O’Rourke calls on other 2020 Democrats to sign on to gun plan
Democratic presidential candidate Beto O’Rourke is calling on his fellow 2020 primary opponents to sign onto the March for Our Lives plan that outlines a progressive gun reform policy agenda.
“So we’re left with a choice. We can stick by what we’ve been doing — playing it safe, while we beg Mitch McConnell to take action on the floor of Congress. Or we can follow the lead of the students marching for their lives and for all of ours, who are demanding we do more to protect them,” the former Texas congressman wrote in an op-ed published in Teen Vogue on Monday.
“I choose the kids. And the question I have for my fellow Democrats in this race and in Congress is: Do you?”{mosads}
The “Peace Plan for a Safer America” calls for a mandatory buyback program of assault-style weapons. O’Rourke has been an outspoken advocate for such a proposal since a mass shooting in his hometown of El Paso, Texas, killed 22 people at a Walmart.
Several other 2020 primary candidates back a buyback program, but O’Rourke is the only candidate to sign onto the March for Our Lives plan, according to his campaign.
The March for Our Lives movement was started by survivors of the high school shooting in Parkland, Fla., It inspired marches across the country.
O’Rourke, in his op-ed, recalls marching with his son Henry on his shoulders in the El Paso march.
“As we finished marching, we were met by counter-protesters flaunting AR-15s. And when Henry saw them, he asked me why they were there — because, in his mind, assault weapons didn’t belong at a March For Our Lives,” O’Rourke wrote.
“I told him he didn’t have anything to worry about. ‘Just ignore them,’ I said. But when an alleged white supremacist killed 22 people in my hometown of El Paso with a similar weapon, I realized I was wrong and Henry was right,” he added.
O’Rourke’s op-ed was published before a gun safety forum co-hosted by March for Our Lives that will feature 10 Democratic presidential candidates on Wednesday.
Along with O’Rourke, former Vice President Joe Biden, Sen.

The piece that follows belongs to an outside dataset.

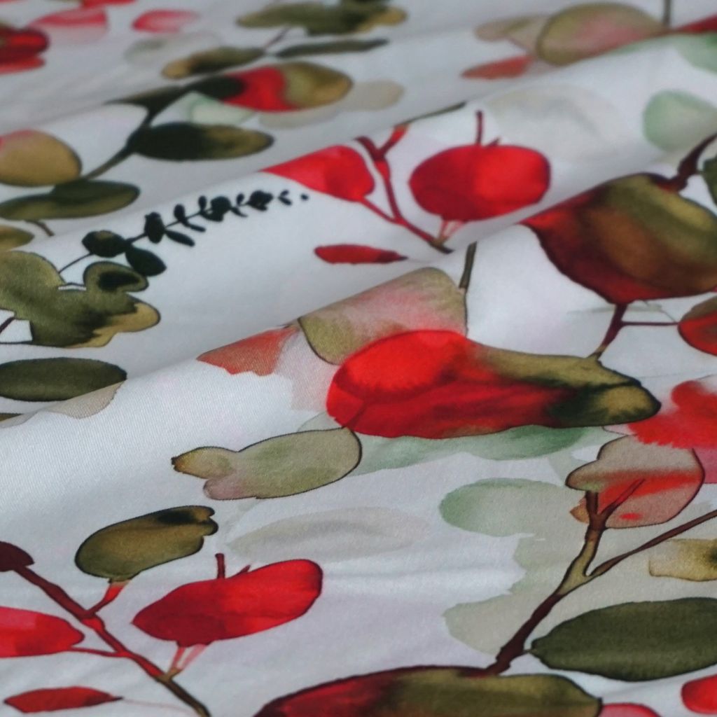 Viskose Twill Blütendolden grün rot - Light and Lush

Cory Booker (N.J.), South Bend, Ind., Mayor Pete Buttigieg, former Housing and Urban Development Secretary Julián Castro, Sen. Kamala Harris (Calif.), Sen. Amy Klobuchar (Minn.), Sen. Bernie Sanders (I-Vt.), Sen. Elizabeth Warren (Mass.) and businessman Andrew Yang will participate.
Gun reform activists have been pushing for Congress to pass a universal background check bill in the wake of mass shootings across the country over the summer.
The House passed a universal background check bill in February but it has yet to be called for a vote in the Senate.
Senate Majority Leader Mitch McConnell (R-Ky.) has shifted the focus to the White House, saying he will only call a bill to a vote that President Trump will sign. Trump has wavered on his support over such a reform measure.